El príncipe le había escuchado con ojos y boca abiertos. Cerró por fin los labios, y lamiéndoselos con gesto pensativo, observó:

—Me aconsejáis que me case con la viuda de Facino, pero es que me dobla la edad.

—Yo no aconsejo nada, Alteza —contestó Bellarión riendo—. Nada tengo que aconsejar… ni aún conozco la opinión de la interesada. Pero si ella tiene ganas de ser duquesa de Milán, debe facilitarnos los medios para que vos seáis duque de Milán.

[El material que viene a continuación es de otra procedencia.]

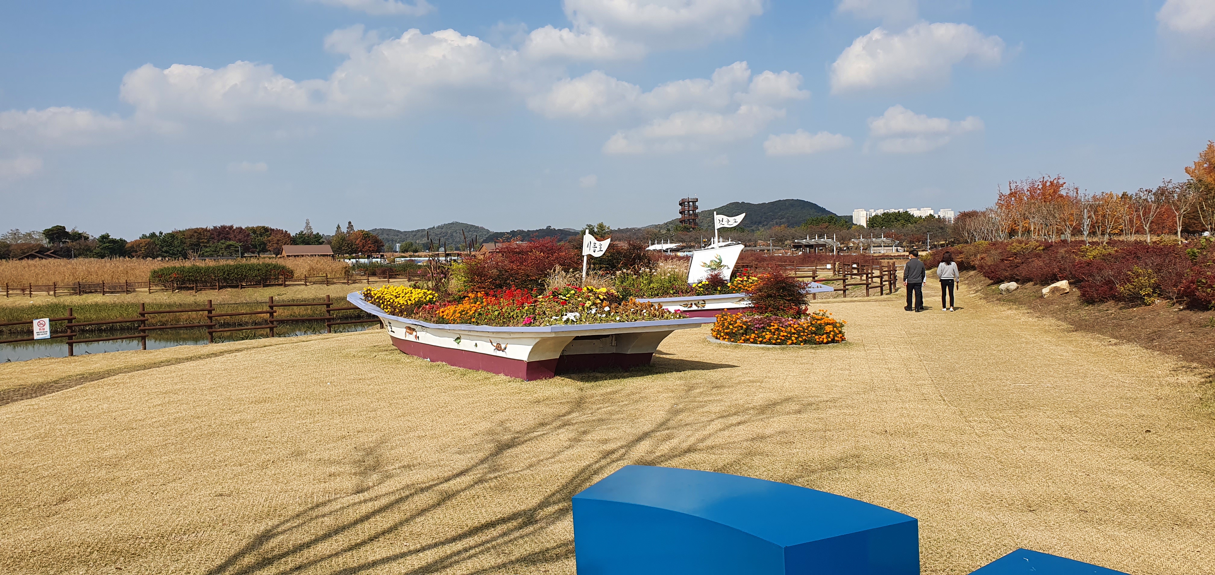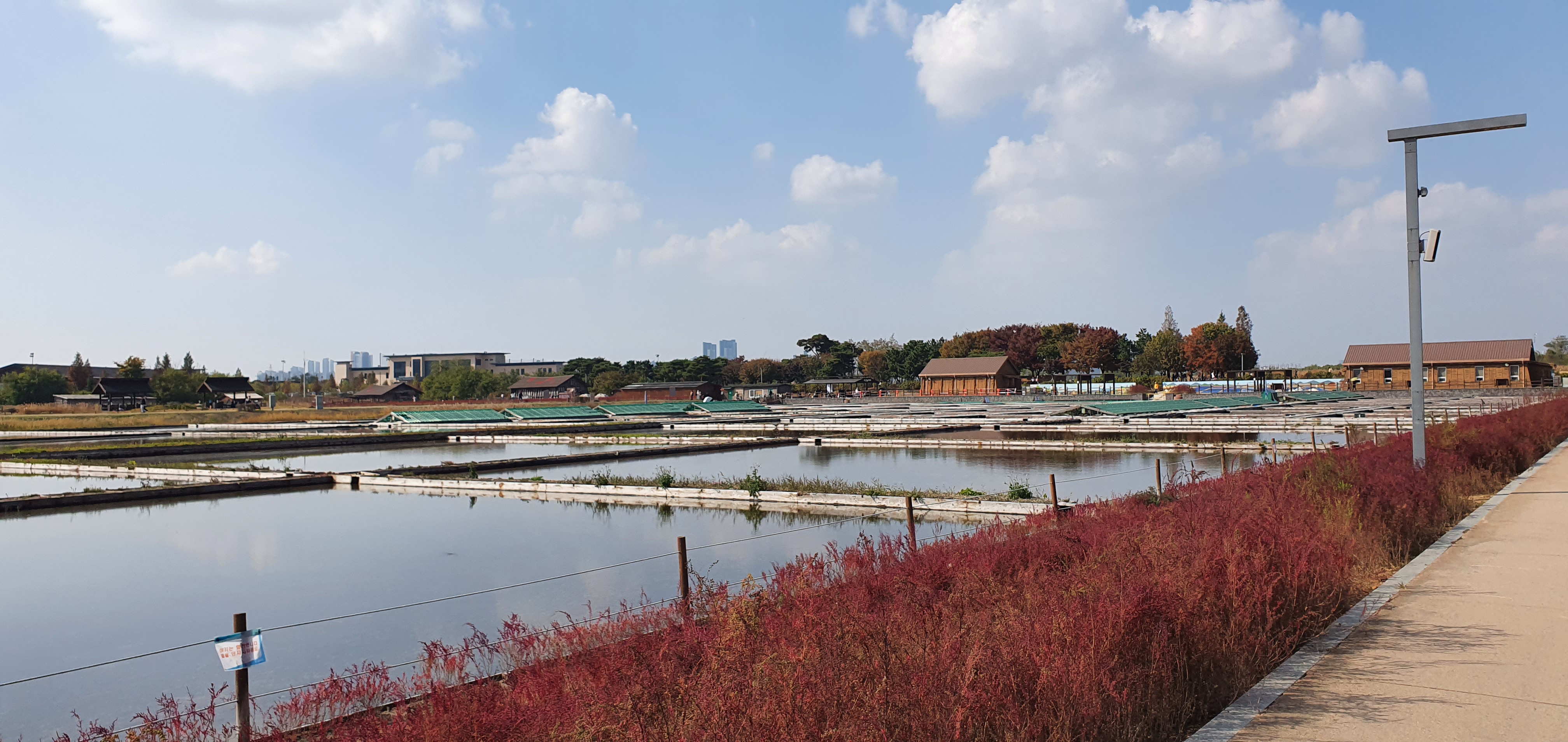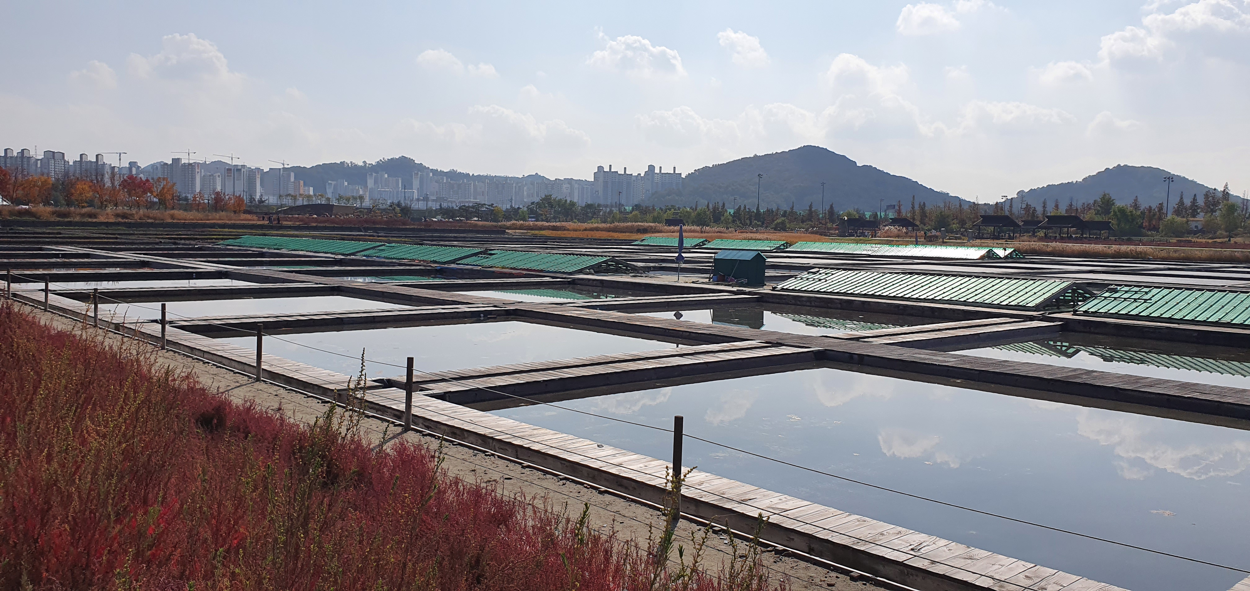 공원 한 가운데에 위치하는 염전인데, 신기하지 않을수 없습니다. 가을 하늘빛과 염전이 서로 같은색을 띄며, 나들이 나온 기분을 한껏 돋아주는듯 합니다.
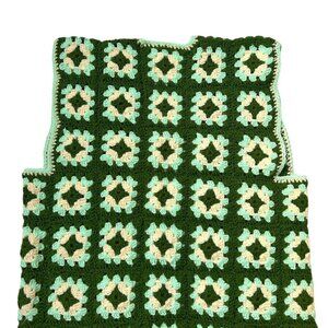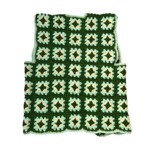 Lightweight acrylic material; green and beige granny square pattern
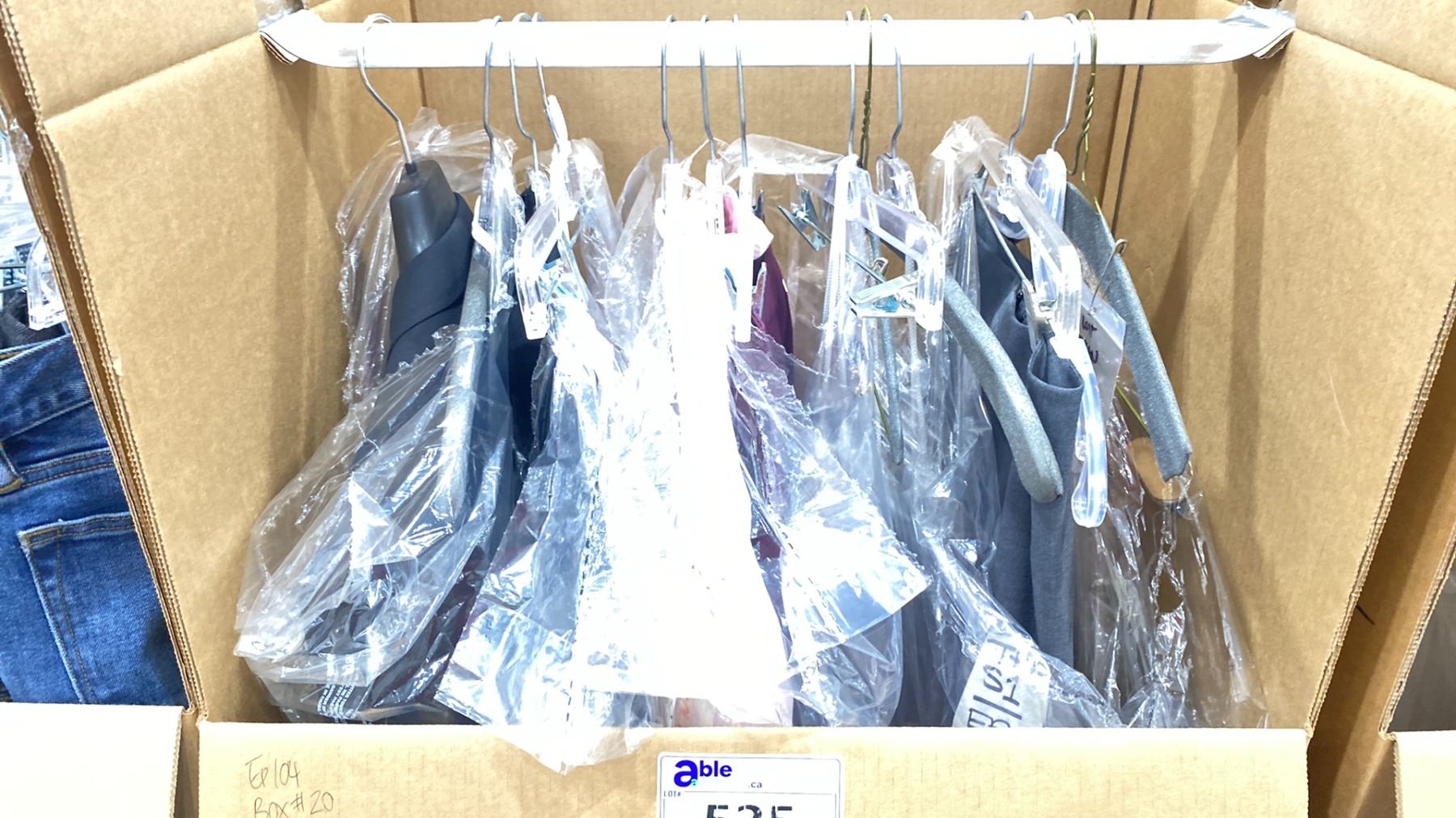 WARDROBE BOX OF ASSORTED CLOTHING (BOX AND ALL CONTENTS MUST BE TAKEN)
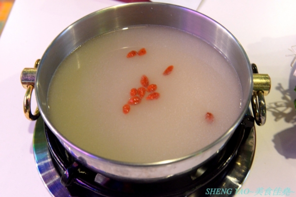 乳白色湯頭帶有淡淡的豚骨香味和枸杞的甜味,
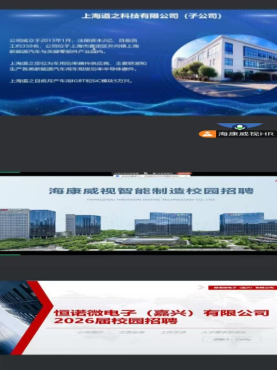 为扎实推进毕业生就业工作,2月22日,电子信息学院举办线上专场招聘会。上海道之科技有限公司、恒诺微电子(嘉兴)有限公司、海康威视智能制造有限公司三家用人单位受邀参加,学院2026届未就业学生及部分2027届学生在线参会。
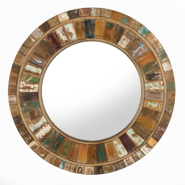 Round Multicolor Distressed Wood Wall Mirror
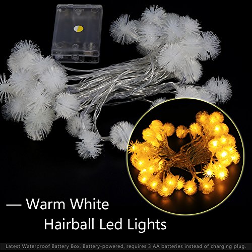 - Fairy Design : This cute LED string light with 40 Five-pointed beautiful hairball styled lamp beads, 6m/19feet long,One button on battery box to turn on/off, 3 x 1.5V AA batteries required (not included) , one steady on mode.
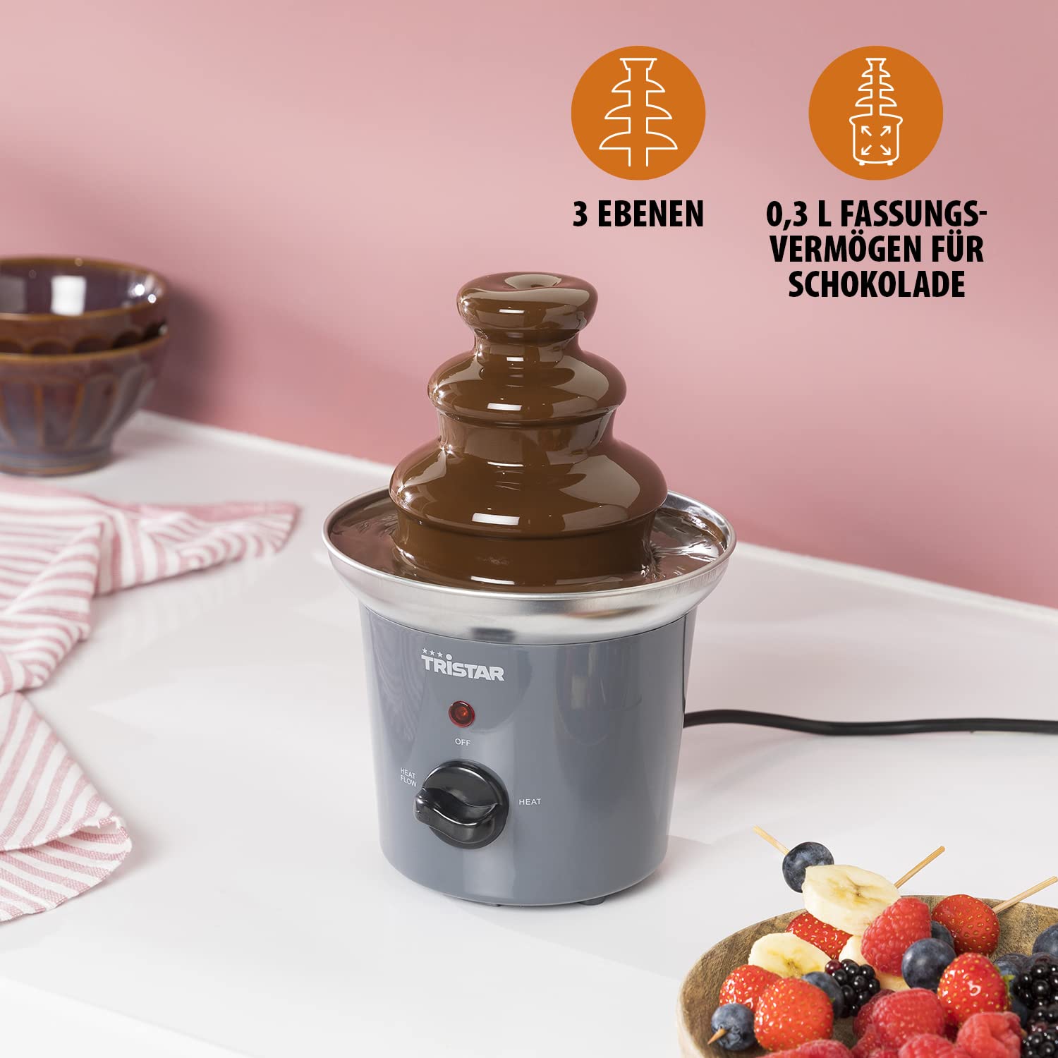 Gründe zur Auswahl des Tristar CF-1603 Schokoladen Brunnens: Mit diesem Schoko Brunnen wird jede Party noch festlicher Im Gebrauch vielseitig, denn er eignet sich für Obst, Kekse, Pfannkuchen, Eiscreme usw. Dank seines kompakten Formats nach dem Gebrauch leicht verstaubar Noch längerer Schokobrunnen-Genuss dank der Warmhaltefunktion Solider Turm aus Edelstahl mit Spirale und zwei Ebenen
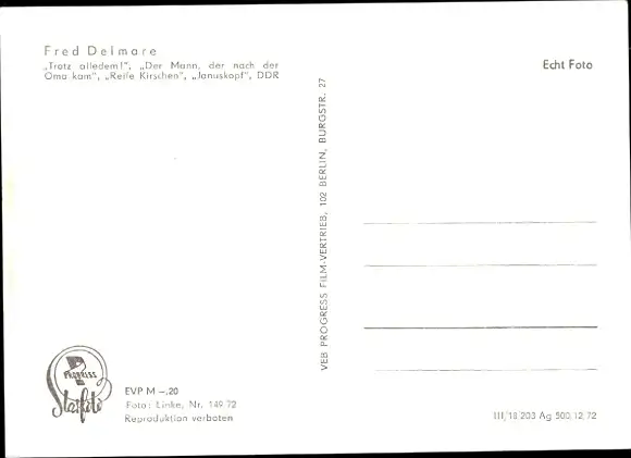Ak Schauspieler Fred Delmare, Portrait, Autogramm
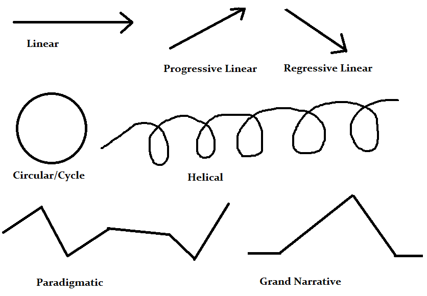 1. Circular/cycle. Traditionally, many see history in terms of cycles. Cycle of life, cycle of seasons, cycle of dynasties. This view tends to show the world as not making long-term changes. History keeps returning to its starting point.Ancient peoples commonly saw history in terms of cycle. But of course, it is not just ancient peoples. Many still do today, such as the Hindu view of history. This view is unlikely to go away. After all, some aspects of time clearly have a cyclic form to it. Birth maturation, death. revolution and rotation of the earth, seasons, phases of the moons, all have a circular aspect to them
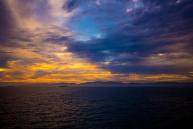 Keywords: ocean sunset boats sea water sun sky nature travel beach coast orange waves light horizon evening blue clouds calm twilight yellow summer coastline dramatic
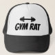 Gym Rat trucker hat with dumbbell logo. Cool cap for fitness enthusiast, personal trainer, weight lifter, workout guy, gym lad etc.
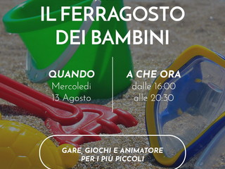 - 13/8 giochi e animazione a partire dal pomeriggio per le famiglie e i più piccoli con il “Ferragosto dei Bambini” a cura di Le Carillon Events

Filippo María se incorporó de súbito; su frente estaba perlada de sudor, que enjugó, sin cuidarse de descomponer el flequillo que tan mal le sentaba. Tras de una breve vacilación, durante la que sus ojos tomaron inusitada brillantez, llevó de nuevo la mano a la campanilla, sin que por esta vez se lo estorbará Bellarión, que en el ademán de conde vio que rendía la fortaleza a la avaricia y la lujuria que él había logrado despertar.

Despidióse, con el triste convencimiento de que la ambición y la vanidad harían ceder a la viuda.

Su tarea estaba cumplida: Beatriz realizaría el sueño que desde tanto tiempo atrás acariciaba, y en el mismo hallaría su castigo.